'Unified memory' access on M1 is allegedly almost as fast as CPU cache, and I believe the SSDs are extremely close to the SoC as well. Swap might be faster than some computers' actual RAM.
This is the exact kind of PR bamboozlement I was alluding to - literally none of the above is correct:
M1 memory latency is 100ns, which wasn't really competitive with amd/intel at the time (70 something nano). Any SSD read be an order of magnitude slower than reading from ram - something to the tune of 5gb/s version vs 70gb/s for the SOC ram. For comparison, the intel trashcan mac pro clocked in at 60gb/sec a decade prior.
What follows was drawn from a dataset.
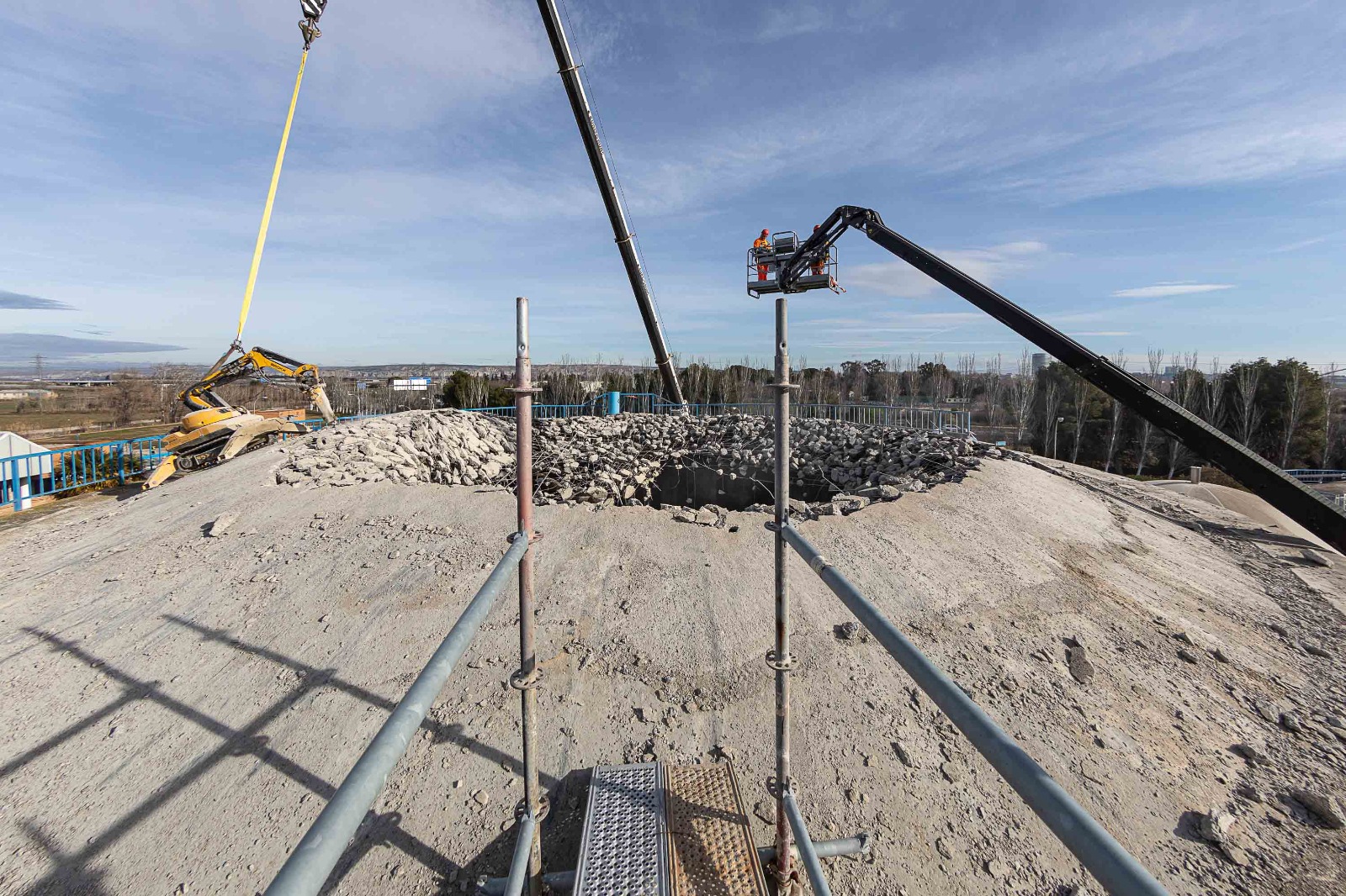 Las obras van a suponer una inversión de 1,4 millones € y se prolongarán durante cinco meses. Ecociudad Zaragoza está demoliendo la cúpula de hormigón armado y acero utilizando un robot teledirigido

See, this is the thing about M1: I don’t care about your numbers (which I have no doubt are true), I care about my personal experience with the magic cold $999 aluminum slab that runs circles around everything I owned before.
Reading these always feels like winning an F1 race, then being gaslit about how that’s not possible because of inferior cylinder design.
> This is the kind of PR bamboozlement I was alluding to - literally none of the above is correct
I'm basing my knowledge on discussions with other developers on rwkv.cpp because we were talking about how performance scales with the number of tokens per iteration. Memory speed/bandwidth came up and some things about M1 were said. Sorry about that.
This is not the problem. You can find comments here how people literally said what 'it were running better than x86 Macs with 16+GBs'.
ADD: and 'nobody needs more than 8GB, because it works so fine'. Just to clarify.